=== Begin Enclosure ===
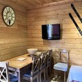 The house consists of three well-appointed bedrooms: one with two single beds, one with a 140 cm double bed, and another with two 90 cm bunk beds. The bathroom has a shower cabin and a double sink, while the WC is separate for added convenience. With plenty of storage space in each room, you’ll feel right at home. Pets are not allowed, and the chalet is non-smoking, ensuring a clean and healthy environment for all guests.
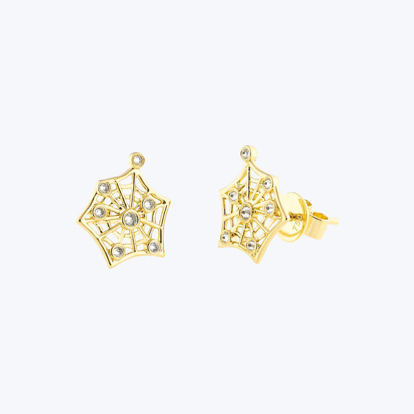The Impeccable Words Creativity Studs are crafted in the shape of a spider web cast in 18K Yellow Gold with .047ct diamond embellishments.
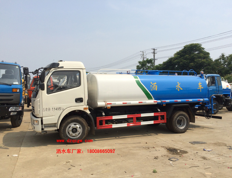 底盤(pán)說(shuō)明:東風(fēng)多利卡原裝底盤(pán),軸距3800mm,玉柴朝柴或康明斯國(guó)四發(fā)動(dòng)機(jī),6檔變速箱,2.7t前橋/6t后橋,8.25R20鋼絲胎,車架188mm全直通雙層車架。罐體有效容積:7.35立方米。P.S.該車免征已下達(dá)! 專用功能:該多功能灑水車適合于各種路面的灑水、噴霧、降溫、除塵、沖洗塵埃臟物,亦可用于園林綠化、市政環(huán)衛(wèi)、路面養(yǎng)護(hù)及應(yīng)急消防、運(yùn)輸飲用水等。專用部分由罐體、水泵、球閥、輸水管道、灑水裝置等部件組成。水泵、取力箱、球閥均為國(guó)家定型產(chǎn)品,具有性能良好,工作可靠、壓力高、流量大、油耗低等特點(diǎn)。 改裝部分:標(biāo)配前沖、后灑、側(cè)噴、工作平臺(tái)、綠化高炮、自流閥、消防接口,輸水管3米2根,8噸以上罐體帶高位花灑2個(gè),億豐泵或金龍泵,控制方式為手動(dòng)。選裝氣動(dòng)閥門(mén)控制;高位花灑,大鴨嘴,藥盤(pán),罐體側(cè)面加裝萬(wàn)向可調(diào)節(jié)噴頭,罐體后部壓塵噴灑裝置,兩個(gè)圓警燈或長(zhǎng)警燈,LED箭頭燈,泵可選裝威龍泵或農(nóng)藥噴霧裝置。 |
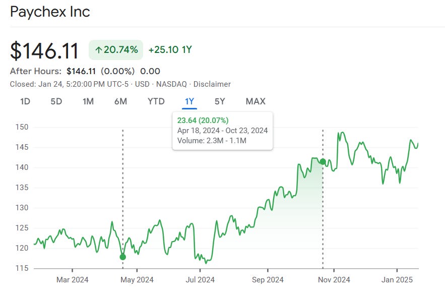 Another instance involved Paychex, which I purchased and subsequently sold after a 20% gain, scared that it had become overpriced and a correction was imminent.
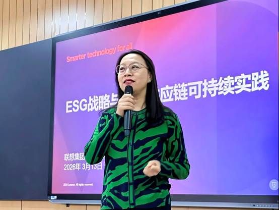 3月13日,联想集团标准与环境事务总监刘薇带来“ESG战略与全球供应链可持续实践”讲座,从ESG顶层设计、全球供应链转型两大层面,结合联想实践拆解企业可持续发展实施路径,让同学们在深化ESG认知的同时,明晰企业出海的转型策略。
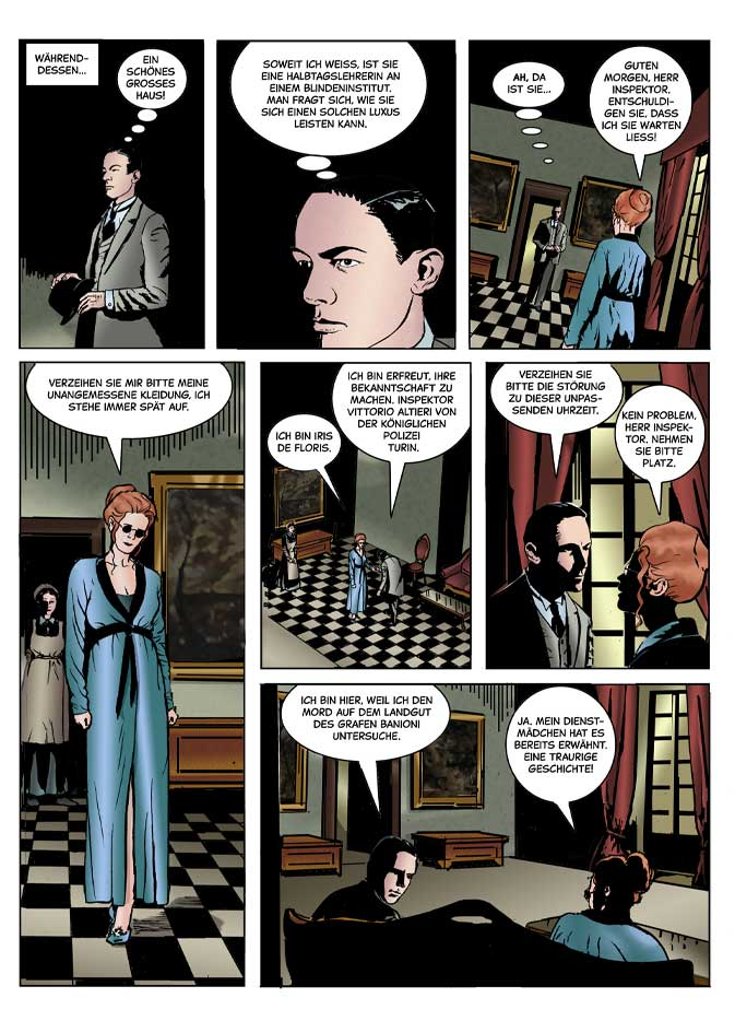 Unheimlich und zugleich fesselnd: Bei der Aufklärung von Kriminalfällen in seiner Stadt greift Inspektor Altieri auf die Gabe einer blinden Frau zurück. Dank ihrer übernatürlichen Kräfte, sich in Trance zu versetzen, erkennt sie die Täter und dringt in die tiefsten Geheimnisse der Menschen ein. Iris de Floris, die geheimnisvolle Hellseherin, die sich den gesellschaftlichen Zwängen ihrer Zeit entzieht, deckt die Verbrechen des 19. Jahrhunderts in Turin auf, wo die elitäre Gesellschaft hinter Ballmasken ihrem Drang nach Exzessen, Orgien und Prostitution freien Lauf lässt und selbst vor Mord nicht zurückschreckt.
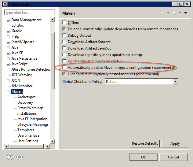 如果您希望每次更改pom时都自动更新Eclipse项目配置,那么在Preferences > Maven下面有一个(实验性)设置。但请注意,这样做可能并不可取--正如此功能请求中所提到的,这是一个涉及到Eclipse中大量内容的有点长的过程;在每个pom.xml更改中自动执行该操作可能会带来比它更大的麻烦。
=== End Enclosure ===
* _WHAT IS REQUIRED_:
Each entry should be transcribed exactly as given, with pictures omitted.

* _ANSWER SPACE_:
 The house consists of three well-appointed bedrooms: one with two single beds, one with a 140 cm double bed, and another with two 90 cm bunk beds. The bathroom has a shower cabin and a double sink, while the WC is separate for added convenience. With plenty of storage space in each room, you’ll feel right at home. Pets are not allowed, and the chalet is non-smoking, ensuring a clean and healthy environment for all guests.
The Impeccable Words Creativity Studs are crafted in the shape of a spider web cast in 18K Yellow Gold with .047ct diamond embellishments.
 底盤(pán)說(shuō)明:東風(fēng)多利卡原裝底盤(pán),軸距3800mm,玉柴朝柴或康明斯國(guó)四發(fā)動(dòng)機(jī),6檔變速箱,2.7t前橋/6t后橋,8.25R20鋼絲胎,車架188mm全直通雙層車架。罐體有效容積:7.35立方米。P.S.該車免征已下達(dá)! 專用功能:該多功能灑水車適合于各種路面的灑水、噴霧、降溫、除塵、沖洗塵埃臟物,亦可用于園林綠化、市政環(huán)衛(wèi)、路面養(yǎng)護(hù)及應(yīng)急消防、運(yùn)輸飲用水等。專用部分由罐體、水泵、球閥、輸水管道、灑水裝置等部件組成。水泵、取力箱、球閥均為國(guó)家定型產(chǎn)品,具有性能良好,工作可靠、壓力高、流量大、油耗低等特點(diǎn)。 改裝部分:標(biāo)配前沖、后灑、側(cè)噴、工作平臺(tái)、綠化高炮、自流閥、消防接口,輸水管3米2根,8噸以上罐體帶高位花灑2個(gè),億豐泵或金龍泵,控制方式為手動(dòng)。選裝氣動(dòng)閥門(mén)控制;高位花灑,大鴨嘴,藥盤(pán),罐體側(cè)面加裝萬(wàn)向可調(diào)節(jié)噴頭,罐體后部壓塵噴灑裝置,兩個(gè)圓警燈或長(zhǎng)警燈,LED箭頭燈,泵可選裝威龍泵或農(nóng)藥噴霧裝置。 |
 Another instance involved Paychex, which I purchased and subsequently sold after a 20% gain, scared that it had become overpriced and a correction was imminent.
 3月13日,联想集团标准与环境事务总监刘薇带来“ESG战略与全球供应链可持续实践”讲座,从ESG顶层设计、全球供应链转型两大层面,结合联想实践拆解企业可持续发展实施路径,让同学们在深化ESG认知的同时,明晰企业出海的转型策略。
 Unheimlich und zugleich fesselnd: Bei der Aufklärung von Kriminalfällen in seiner Stadt greift Inspektor Altieri auf die Gabe einer blinden Frau zurück. Dank ihrer übernatürlichen Kräfte, sich in Trance zu versetzen, erkennt sie die Täter und dringt in die tiefsten Geheimnisse der Menschen ein. Iris de Floris, die geheimnisvolle Hellseherin, die sich den gesellschaftlichen Zwängen ihrer Zeit entzieht, deckt die Verbrechen des 19. Jahrhunderts in Turin auf, wo die elitäre Gesellschaft hinter Ballmasken ihrem Drang nach Exzessen, Orgien und Prostitution freien Lauf lässt und selbst vor Mord nicht zurückschreckt.
 如果您希望每次更改pom时都自动更新Eclipse项目配置,那么在Preferences > Maven下面有一个(实验性)设置。但请注意,这样做可能并不可取--正如此功能请求中所提到的,这是一个涉及到Eclipse中大量内容的有点长的过程;在每个pom.xml更改中自动执行该操作可能会带来比它更大的麻烦。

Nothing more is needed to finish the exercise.